You'll have to use your imagination here because in typescript narrowing works on all conditionals (ternaries, boolean switches, etc), so naturally there are many more examples where it's useful. It's easy to trivialize any specific example.

E.g. they're useful in JSX when you want to do a one-line type-safe boolean switches like: {node && <RenderNode node={node}/>}.


I don't think pattern matching and union-types makes narrow typing useless. Rust has both pattern matching and union types but still implements some specific forms of control-flow based typing.

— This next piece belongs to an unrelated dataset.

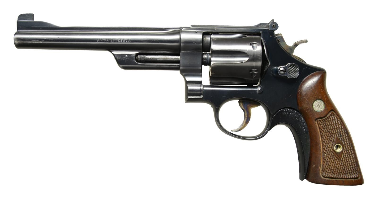 Cal.38 S&W Special. S# S98488. Bbl.6.5". Manufactured 1953-1954. Double action, N-Frame, 5-screw revolver. Patridge front & micrometer click adjustable rear sights. 6-shot fluted cylinder. Serrated top barrel rib. Blued finish. Shrouded ejector rod. Checkered hammer spur & cylinder release. 6 groove serrated backstrap & front strap. Matching numbers on frame, barrel, cylinder & ejector. Checkered hardwood grips w/ single diamond over screw & S&W medallion. Currently sporting Pachmayr grip spacer between trigger guard & grips. CONDITION: Complete & consistent finish coverage w/ scattered thinning & light scratching as evidence of prior use. Grips illustrate use w/ a few light impressions & squared checkering. Bore is bright w/ strong rifling. (22-6072/JZ). CURIO. $500-700.

For example, consider this Rust snippet :

    pub fn positive1(x: isize) -> Option<usize> {
        if x > 0 { Some(x as usize) } else { None }
    }
Unless I'm mistaken, without narrow typing, this cast would be impossible, and there would be no way to avoid the redundant runtime check caused by try_into().unwrap(), that is not even optimized unless you trick the compiler.

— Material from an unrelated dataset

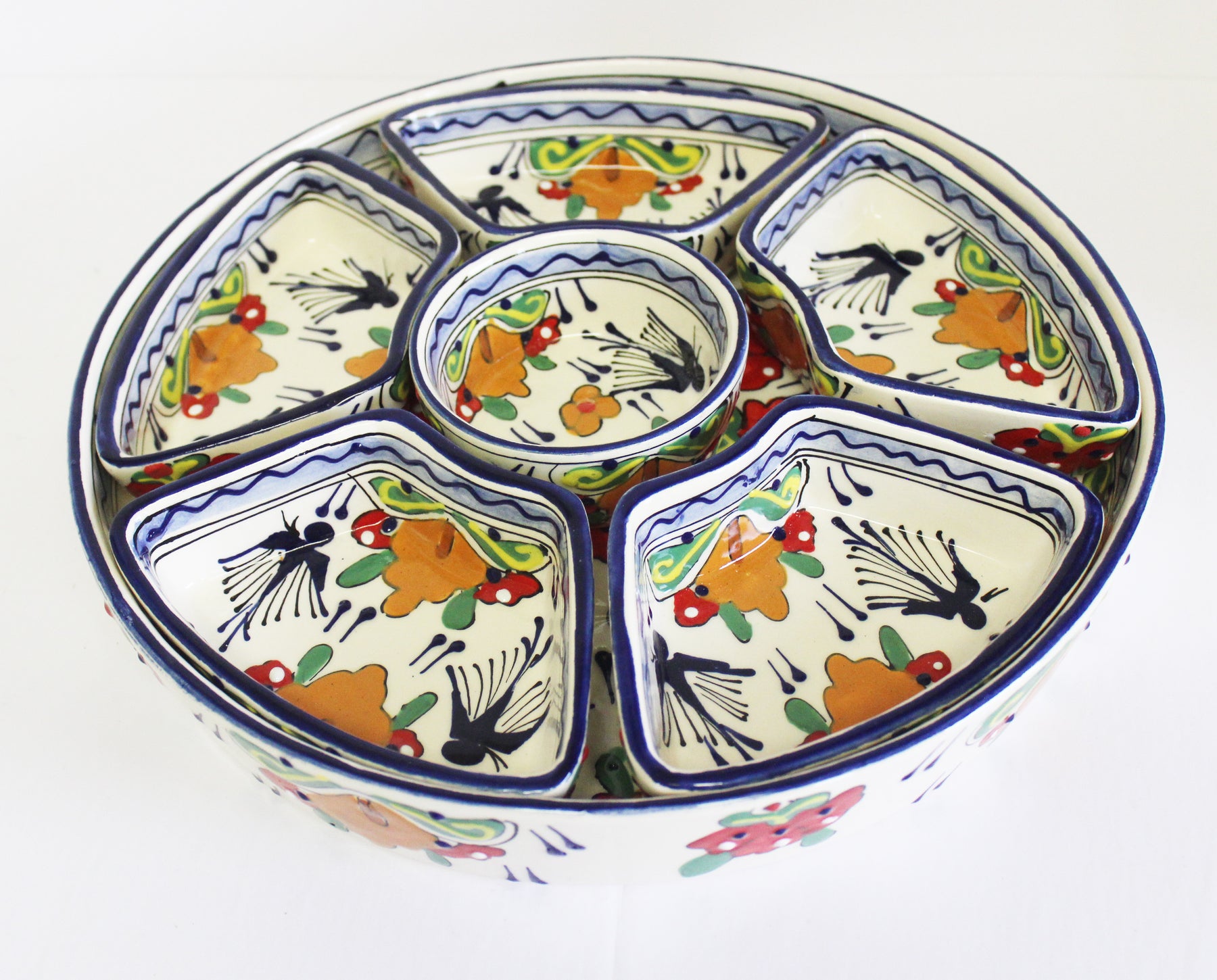 Showing the colors of Mexico this hand painted divided tray is not only lead-free and dishwasher safe but can serve a multitude of purposes with its removable compartments. Perfect for taco night!

> Unless I'm mistaken, without narrow typing, this cast would be impossible

same sized integer casts in Rusts are no-ops [0]; the conditional isn't type narrowing, it just avoids the cases where the cast would not preserve the same semantic value.

[0] https://doc.rust-lang.org/reference/expressions/operator-exp...


Right. Thank your for the correction.


You need flow typing when you do pattern matching on generalized abstract data type (GADT). Here is an example in Java

    sealed interface Foo<T> permits Impl {}  // union type
    record Impl() implements Foo<String> {}  // product type

    <T> T m(Foo<T> foo) {
      return switch(foo) {
        case Impl impl -> "hello";  // flow typing T=String 
      };
    }


By that definition, many (maybe most) languages then already support flow typing.


that's not the same as what is defined in the article, and it is supported by plenty of languages


Yeah, the same code would look much clearer in a language with union types. Heck even Swift cribbed them.

switch resp {

  case Result(val, meta):

    doStuff(val)

  case Error(msg, code):

    logger.main.debug(msg)

}


You mean sum types, not union types (TypeScript has union types, your example uses sum types.)


An union type is the C attempt to implement something like sum types, that other languages extend a bit to literally implement sum types.

Those two words live on different contexts, as unions are about a memory usage pattern, and sum types are about conceptual software design, but they often go together on the same language feature.


> An union type is the C attempt to implement something like sum types

Sum types, unions (in the C sense), and union types are three distinct concepts.

Wikipedia's article confusingly merges the latter two concepts together but they're different thing. TypeScript[1] and Scala[2] have union types, but they have nothing like C's notion of "unsafely reuse the same bits in memory to be interpreted as different things".

[1]: https://www.typescriptlang.org/docs/handbook/2/everyday-type...

[2]: https://dotty.epfl.ch/docs/reference/new-types/union-types.h...


I did mean sum types. Thank you for the correction.